The coefficient of linear expansion of steel and brass are `11 xx 10^-6//^@ C` and `19 xx 10^-6// ^@ C`, respectively. If their difference in lengths at all temperature has to kept constant at `30 cm`, their lengths at `0^@ C` should be

To solve the problem, we need to find the lengths of steel (L_s) and brass (L_b) at 0°C such that the difference in their lengths remains constant at 30 cm for all temperatures. We will use the formula for linear expansion: \[ \Delta L = L \cdot \alpha \cdot \Delta T \] where: - \(\Delta L\) = change in length - \(L\) = original length - \(\alpha\) = coefficient of linear expansion - \(\Delta T\) = change in temperature ### Step 1: Set up the equation for the difference in lengths The change in lengths for steel and brass can be expressed as: \[ \Delta L_s = L_s \cdot \alpha_s \cdot \Delta T \] \[ \Delta L_b = L_b \cdot \alpha_b \cdot \Delta T \] Given that the difference in lengths is constant at 30 cm, we can write: \[ \Delta L_b - \Delta L_s = 30 \text{ cm} \] Substituting the expressions for \(\Delta L_s\) and \(\Delta L_b\): \[ (L_b \cdot \alpha_b \cdot \Delta T) - (L_s \cdot \alpha_s \cdot \Delta T) = 30 \] ### Step 2: Factor out \(\Delta T\) Assuming \(\Delta T\) is not zero, we can divide both sides by \(\Delta T\): \[ L_b \cdot \alpha_b - L_s \cdot \alpha_s = \frac{30}{\Delta T} \] ### Step 3: Substitute the coefficients of linear expansion The coefficients of linear expansion are given as: - \(\alpha_s = 11 \times 10^{-6} \, ^\circ C^{-1}\) (for steel) - \(\alpha_b = 19 \times 10^{-6} \, ^\circ C^{-1}\) (for brass) Substituting these values into the equation: \[ L_b \cdot (19 \times 10^{-6}) - L_s \cdot (11 \times 10^{-6}) = \frac{30}{\Delta T} \] ### Step 4: Express \(L_b\) in terms of \(L_s\) Rearranging gives us: \[ L_b \cdot (19 \times 10^{-6}) = L_s \cdot (11 \times 10^{-6}) + \frac{30}{\Delta T} \] ### Step 5: Assume a temperature change For simplicity, let’s assume \(\Delta T = 1^\circ C\).

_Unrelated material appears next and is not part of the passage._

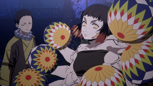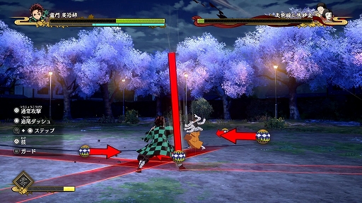 今回体験できたボス戦は,矢琶羽&朱紗丸戦で,炭治郎で戦うパートと禰豆子で戦うパートに分かれている。朱紗丸が飛び道具である鞠を放ち,それを矢琶羽が血鬼術で自在に操る強敵だ。炭治郎は札を通じて愈史郎の視覚を借りているので,鞠の軌道は矢印として見えるものの,不規則に動き回ってこちらを惑わしてくるので,なかなかに厄介だ。

Thus, the equation simplifies to: \[ L_b \cdot (19 \times 10^{-6}) = L_s \cdot (11 \times 10^{-6}) + 30 \] ### Step 6: Solve for the lengths Now we can express \(L_b\) in terms of \(L_s\): \[ L_b = \frac{L_s \cdot (11 \times 10^{-6}) + 30}{19 \times 10^{-6}} \] ### Step 7: Set the lengths equal Since we want the difference in lengths to remain constant, we can set \(L_b - L_s = 30\): \[ \frac{L_s \cdot (11 \times 10^{-6}) + 30}{19 \times 10^{-6}} - L_s = 30 \] This equation can be solved for \(L_s\). ### Step 8: Solve the equation After simplifying and solving the equation, we find the value of \(L_s\). ### Conclusion The lengths of steel and brass at 0°C should be calculated based on the above relationships to maintain a constant difference of 30 cm.